Zane Keenan

Personal information
- Native name: Zane Ó Cuinneacháin (Irish)
- Born: 12 December 1988 (age 37) Portlaoise, Ireland

Sport
- Sport: Hurling
- Position: Centre forward

Club
- Years: Club
- 2005-: Camross

Club titles
- Laois titles: 4

Inter-county
- Years: County / Apps (scores)
- 2006-present: Laois / 16 (2-69)

= Zane Keenan =

Irish hurler (born 1988)

Zane Keenan (born 12 December 1988 in Portlaoise, County Laois, Ireland) is a hurling player from Co Laois.

==Personal life==
Zane, son of Frank and Theresa, is the youngest of four boys and three girls. His older brothers Barry, Damien, and Fran also played for Camross' senior team and won the Laois Senior Championship in 2007 together.

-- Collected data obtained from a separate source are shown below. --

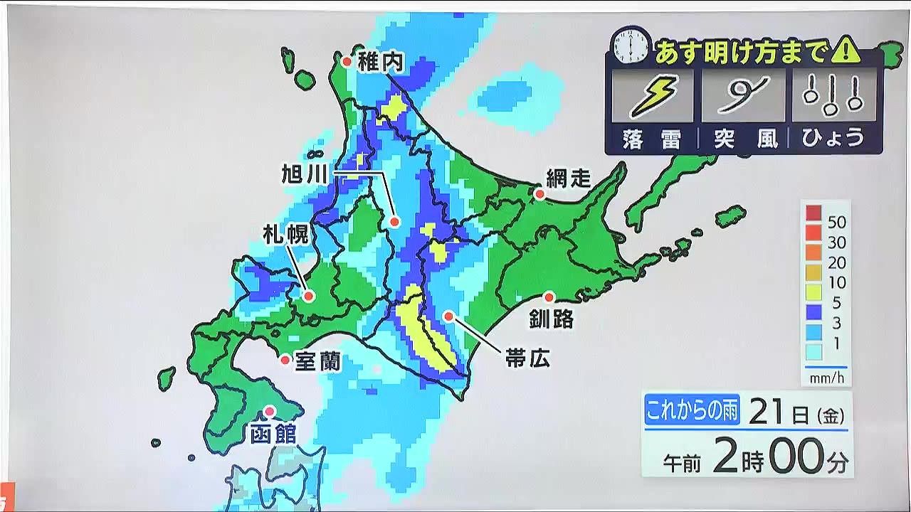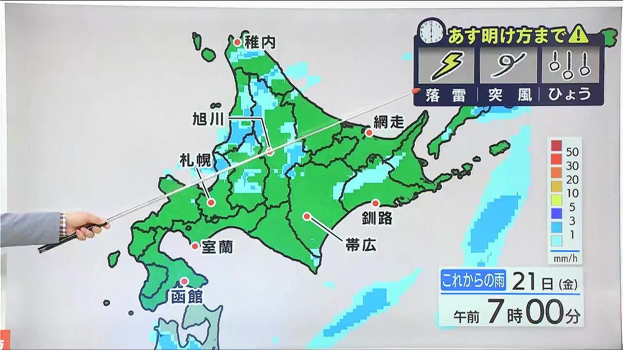 日付が変わると東部でも雨の降る時間があります。大気の状態が不安定になるため、あす21日(金)明け方まで広い範囲で落雷や突風、ひょうなど天気の急変に注意して下さい。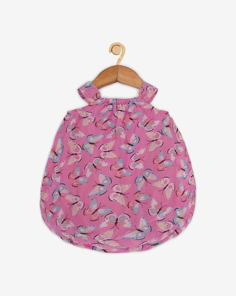 Buy now Butterfly Print Square Neck Romper Dress byCREATIVE KID’Sonly through BabyRompers.in – Get The Best Deals & Offers!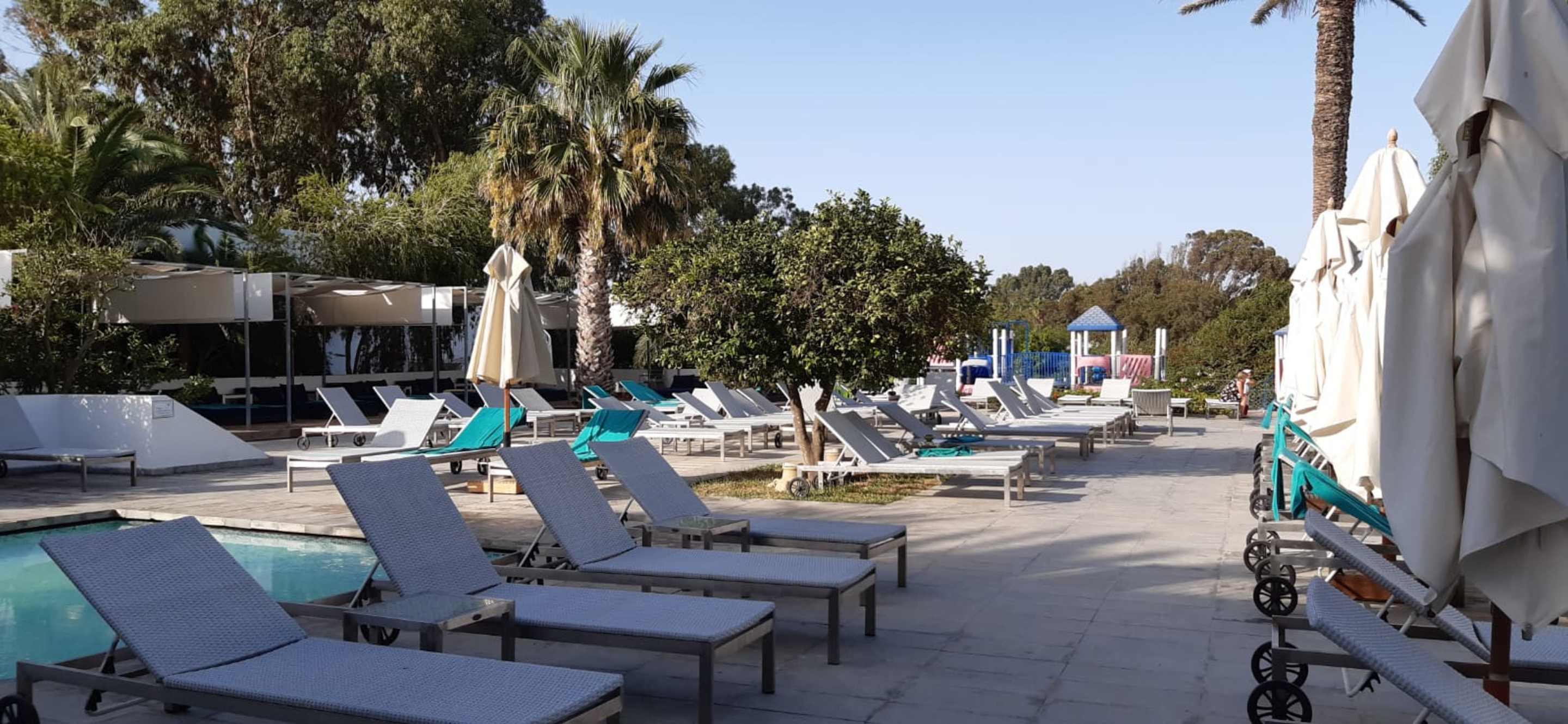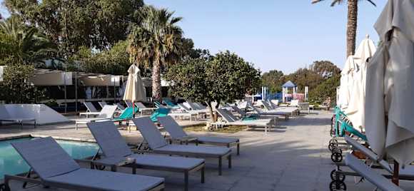 Viele Liegen am Pool

He went to Killanure, N.S., where he won three national school titles in 1999, 2000, and 2001. He went on to St. Aengus Post Primary School, where he was educated from September 2001 to May 2004.

==Laois career==
An effective full-forward, Keenan has played with Laois at all levels. He first joined the senior panel in 2006, where he made his début against Offaly in O'Moore Park and scored a point. In 2008, after a disagreement with manager Damien Fox, he was dismissed from the panel. He returned in 2009, but after picking up a leg injury in an NHL league game with Kerry, he was ruled out for the year and didn't return to the panel till 2013. Keenan's return had been a good one; he won a Division 2A medal against Westmeath, and he also scored in all four games against Antrim, Carlow, Galway, and Clare.

==Camross career==
He has had success at club level also. In 2005, at the age of 16, he played for Camross in the Laois Senior Hurling Championship final but lost out in a replay to Castletown. In September 2006, Camross and Castletown played each other in the Laois Senior Hurling Championship, where there was an off - the - field brawl. Camross won the game, by a score line of 2-11 to 0-10. A week after the game both clubs were thrown out of the following championship for 2007 by Laois County Board. Both clubs appealed the decision; after months of working together, they were allowed back into the championship. But Keenan felt that Laois County Board and some local media had made a personal attack on Camross and him, so he made the decision not to part take with Laois. In 2007 Keenan played in Laois County Final, where he scored 3-3 against Portlaoise. He ended the year as top scorer and Hurler of the year in Laois Senior Championship.

His father Frank Keenan is a former player with Laois and manager of Carlow.